Прюдомм неуклюже потянулся к дверной ручке левой рукой, в то время как его правая рука была занята совсем другим.

“Стойте! – Подчиненный схватил своего начальника за плечо. – Вы помогали той женщине!”

“Все подробности в протоколе. Позвольте-ка мне выйти”.

“Я позволю тебе отправиться в ад! Я убью тебя, ничтожество! Жалкий бюрократишка!”

Недавний подчиненный выхватил из-под пиджака пистолет, однако он опоздал. Не вынимая из кармана зажатый в правой руке пистолет, Прюдомм выстрелил. К сожалению, пистолет этот был малого калибра, а бывший полковник из Иностранного легиона был очень крупным человеком, и он тут же, в автомобиле, бросился на Прюдомма. Однако ветеран Сопротивления, решивший на всякий случай вернуться к прошлым военным привычкам, был готов и к этому. Лацканы его пиджака укрывали тонкую стальную проволоку достаточной длины и с двумя петлями на концах. Он быстро вытянул ее, забросил за голову своего подчиненного, скрестил запястья и сильным рывком натянул проволоку – кровь из горла палача оросила руки приговоренного человека, приговоренного, но живого.

Джоэл и Валери молча слушали рассказ человека из Сюрте. Нарисованная им картина выглядела довольно грустно. Интерпол скомпрометирован, arrondissement [206] полиция стала жертвой манипуляций, сама Сюрте коррумпирована, правительственные сообщения все ложны.

– Я расскажу вам все, что знаю, потому что мне необходима ваша помощь, – сказал Конверс, поднимаясь с кресла и направляясь к столу, на котором лежали в зеленой папке машинописные листы сделанных по всей форме показаний. – Лучше, если вы прочитаете все это собственными глазами, но боюсь, вам придется читать здесь. Утром я сделаю несколько копий, но до этого я не хочу, чтобы этот документ покидал комнату. Кстати, Вэл заказала для вас отдельный номер, не спрашивайте меня, как ей это удалось, но думаю, что администратор закажет себе теперь новый гардероб, а может быть, и купит новый домик.

– Mersi [207] , мадам.

– Фамилия – Френч [208] , – добавил Джоэл.

– Простите?

– Я хочу сказать, что фамилия – Френч.

– Qui [209] .

– Учтите, я имею в виду…

– Pardon, mon vieux, – вмешалась Вэл. – Le nom sur le registre est “Monsieur French”, c’est un nom anglais, pas francais. French. Artur French [210] .

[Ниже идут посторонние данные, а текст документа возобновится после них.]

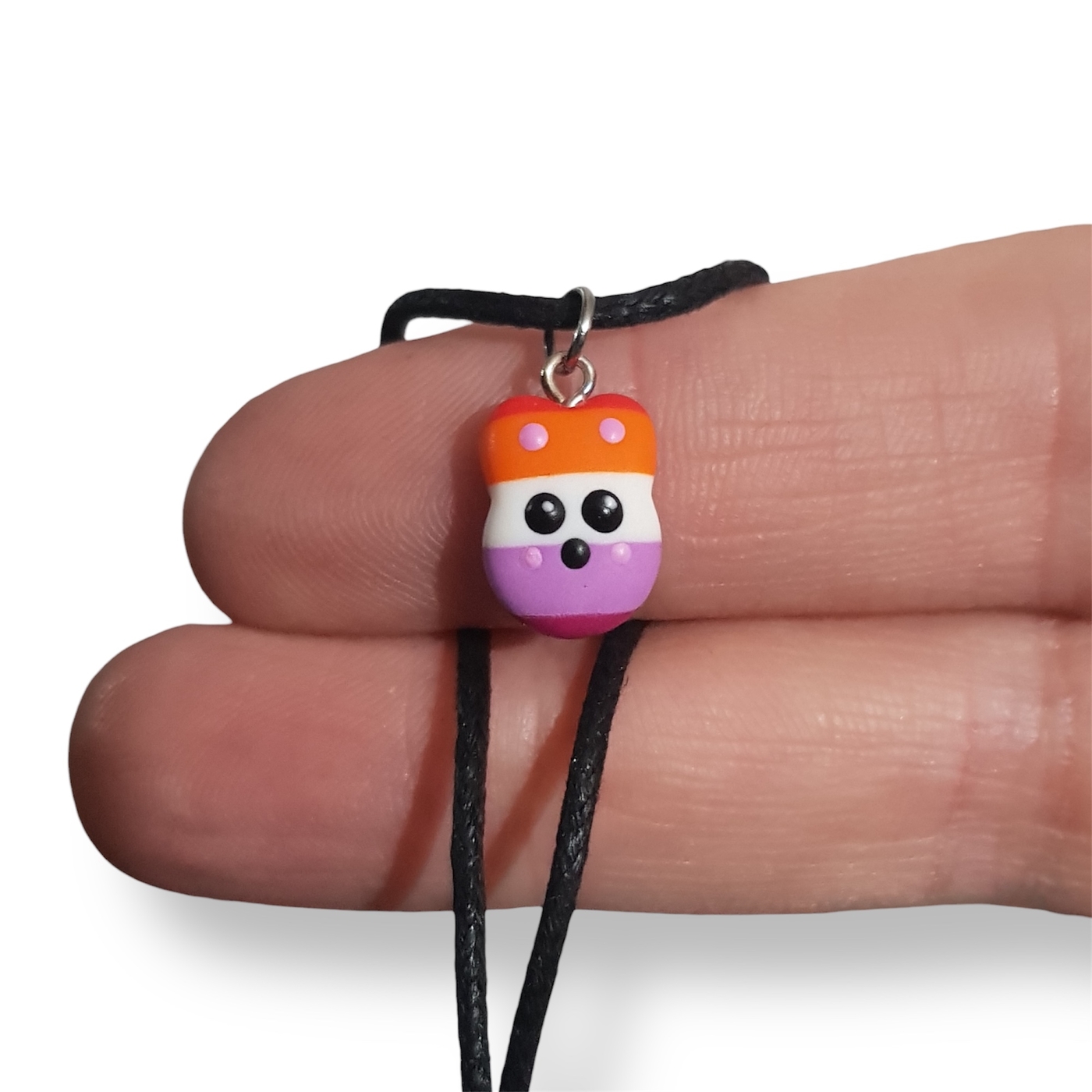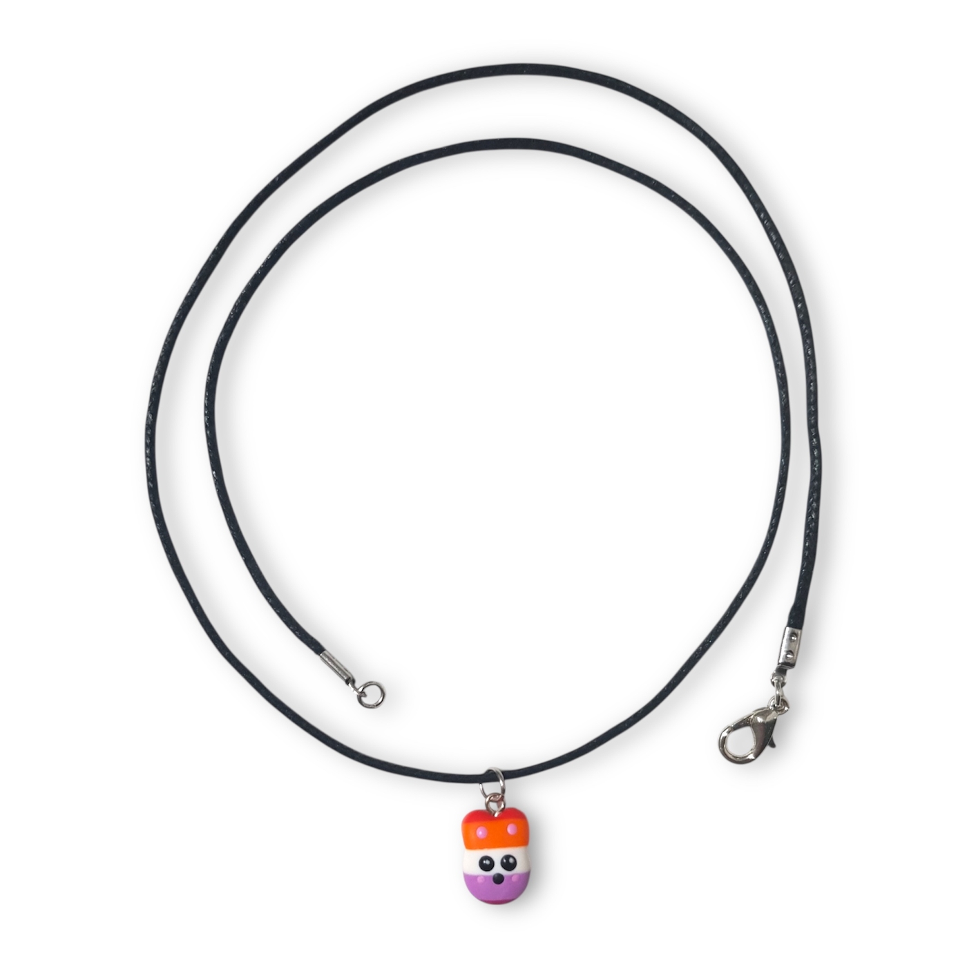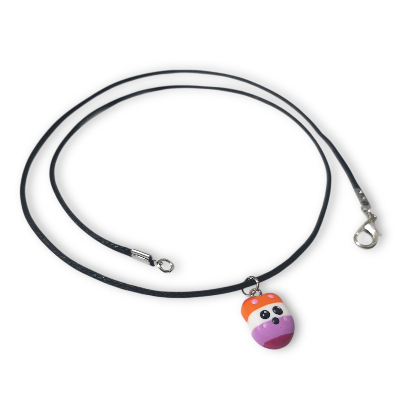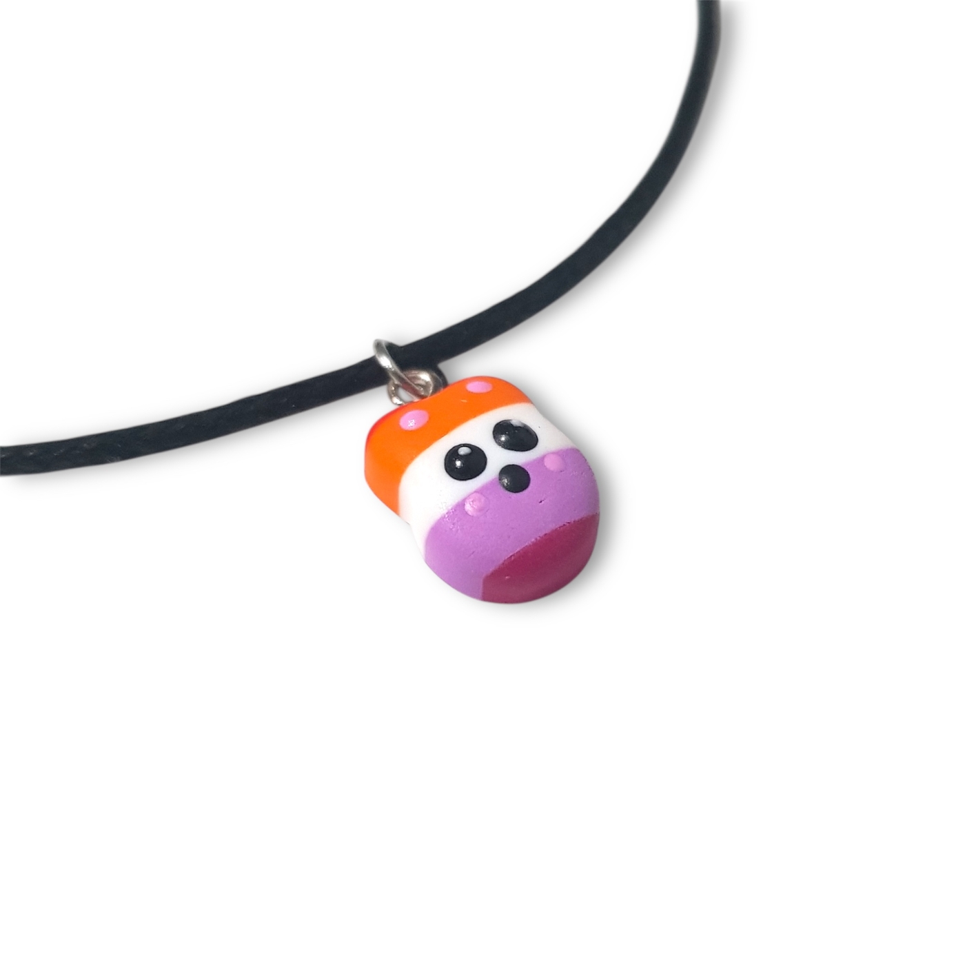 A cute kawaii rabbit shaped necklace in the lesbian pride flag colours of dark orange, light orange, white, pink, and dark pink.
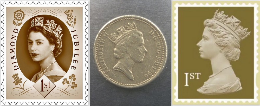Королеву в диадеме можно видеть на почтовых марках и монетах. |
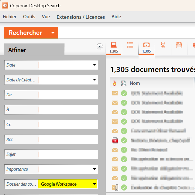 Vous pouvez affiner votre recherche en sélectionnant Google Workspace dans le filtre Dossier de courriels. Cela ramène vos résultats à 1 305 courriels.
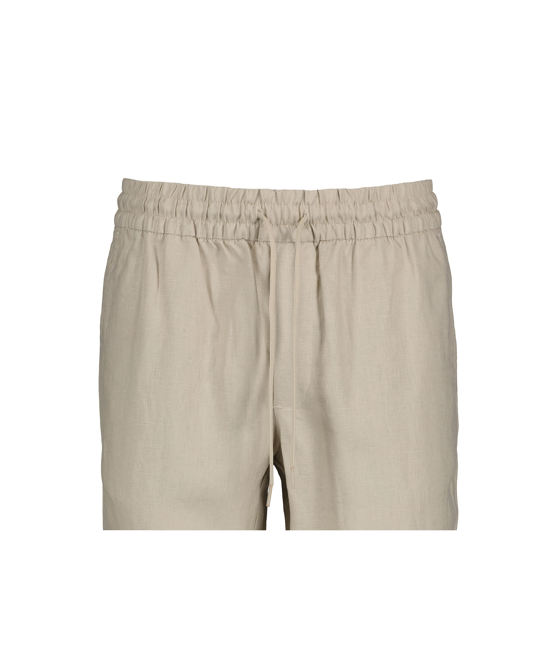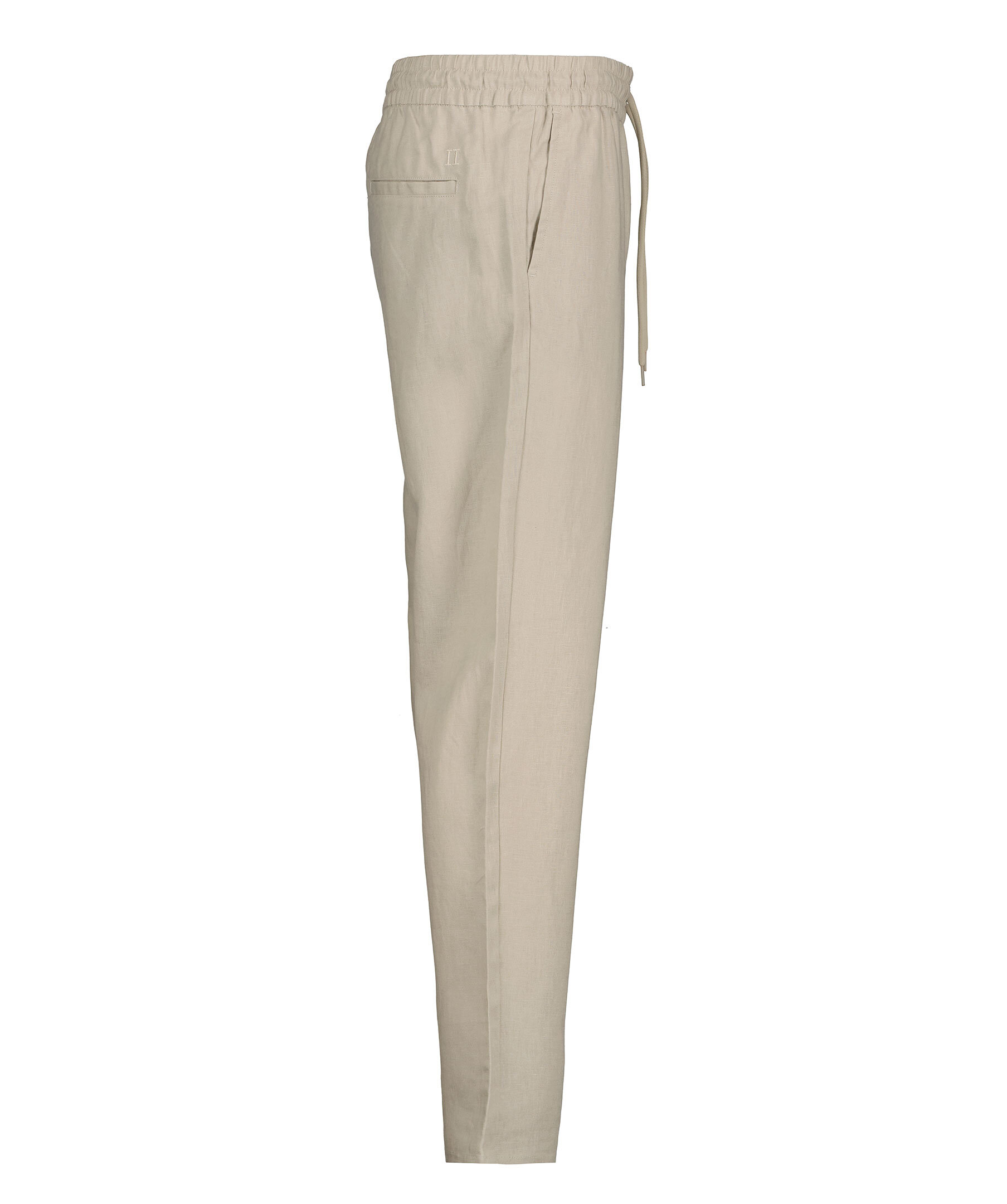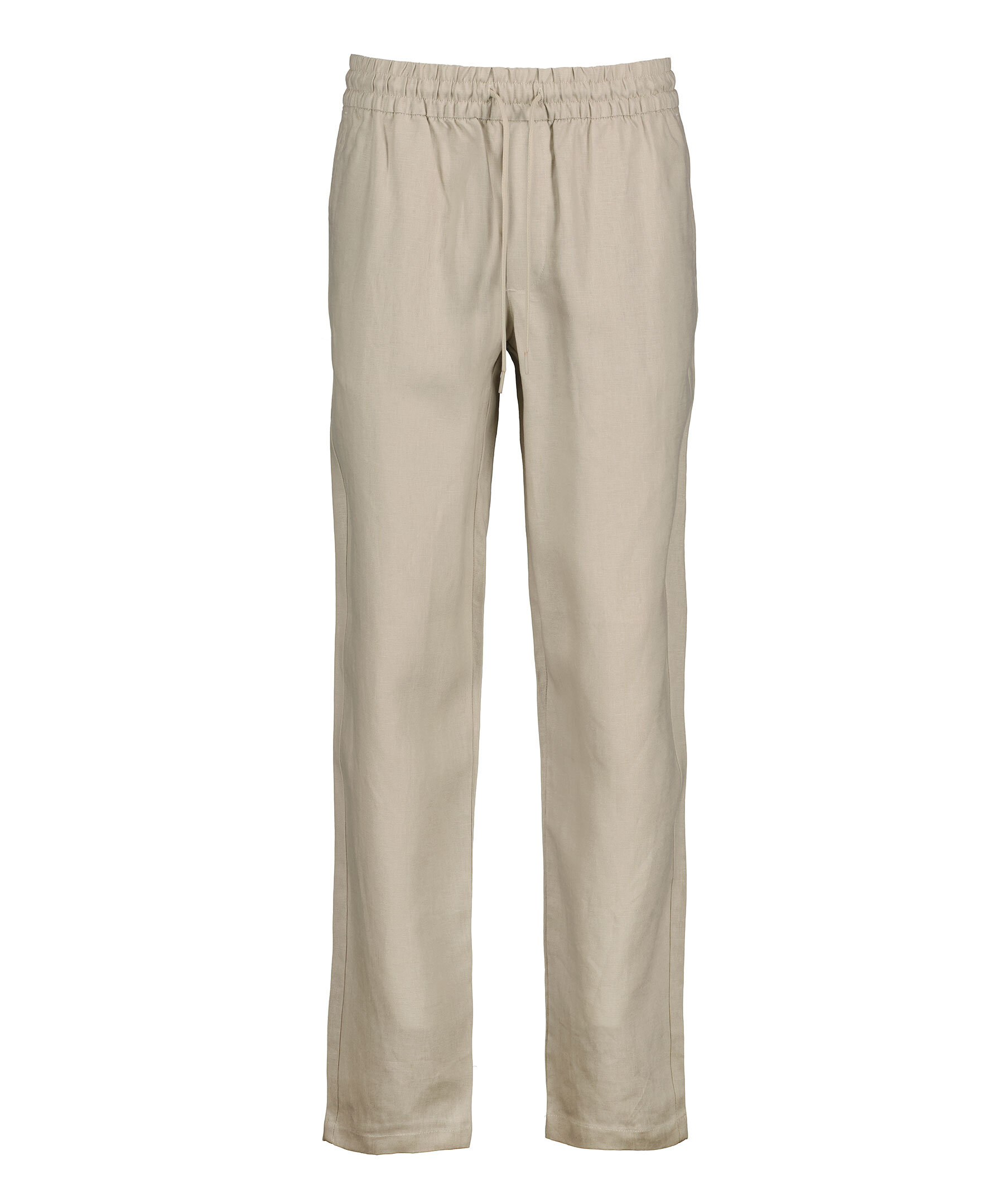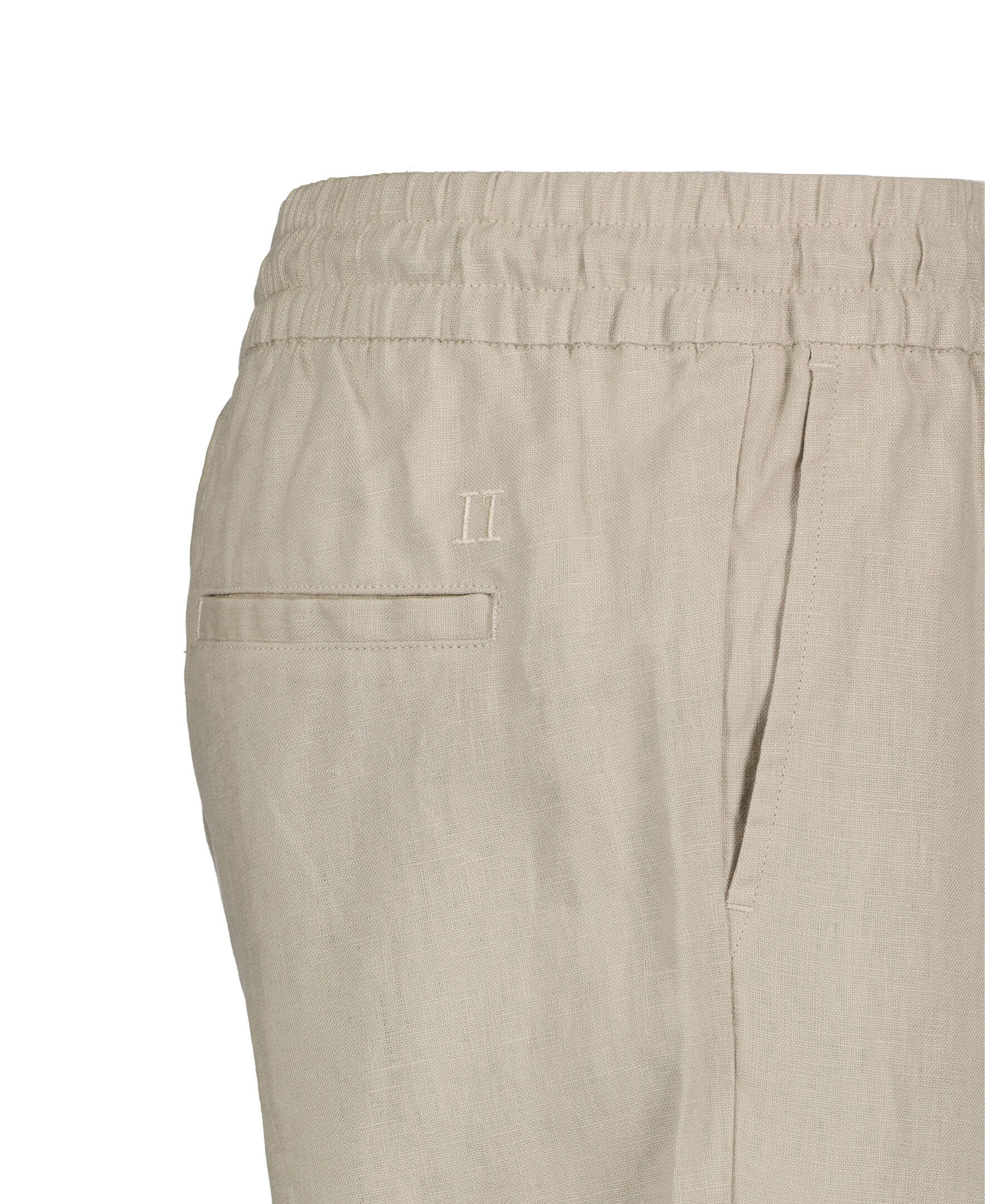 Sandfärgade byxor med avslappnad passform från Les Deux. Tillverkade i 100 % linne för andningsförmåga. De är gjorda med en elastisk dragsko i midjan för komfort och kommer med en Encore-logga ovanför en av bakfickorna. Byxorna har två sidofickor och två bakfickor.

– Но мне ведь придется что-то подписывать, говорить… Тогда может раскрыться, что…

– Ничего не придется подписывать и ничего не придется говорить, – прервала его Вэл, беря ключ с прикроватной тумбочки и вручая его Прюдомму. – Комната оплачена за трое суток. После этого, а возможно и раньше, если вы согласитесь нам помогать, мы, все трое, будем уже далеко.

– Жуть. И я должен все это прочитать?

– Mon ami – mon ёроих – est un avoue brilliant [211] .

– Je comprends [212] .

– Тут примерно сорок страниц, – сказал Конверс, передавая бумаги Прюдомму. – Чтобы проглотить это, вам потребуется по меньшей мере час. А мы пока что спустимся вниз и перекусим.

– Bien [213] . Мне многое хочется узнать.

– А как насчет вас самого? – спросил Джоэл, стоя рядом с французом. – Труп в машине наверняка уже обнаружен.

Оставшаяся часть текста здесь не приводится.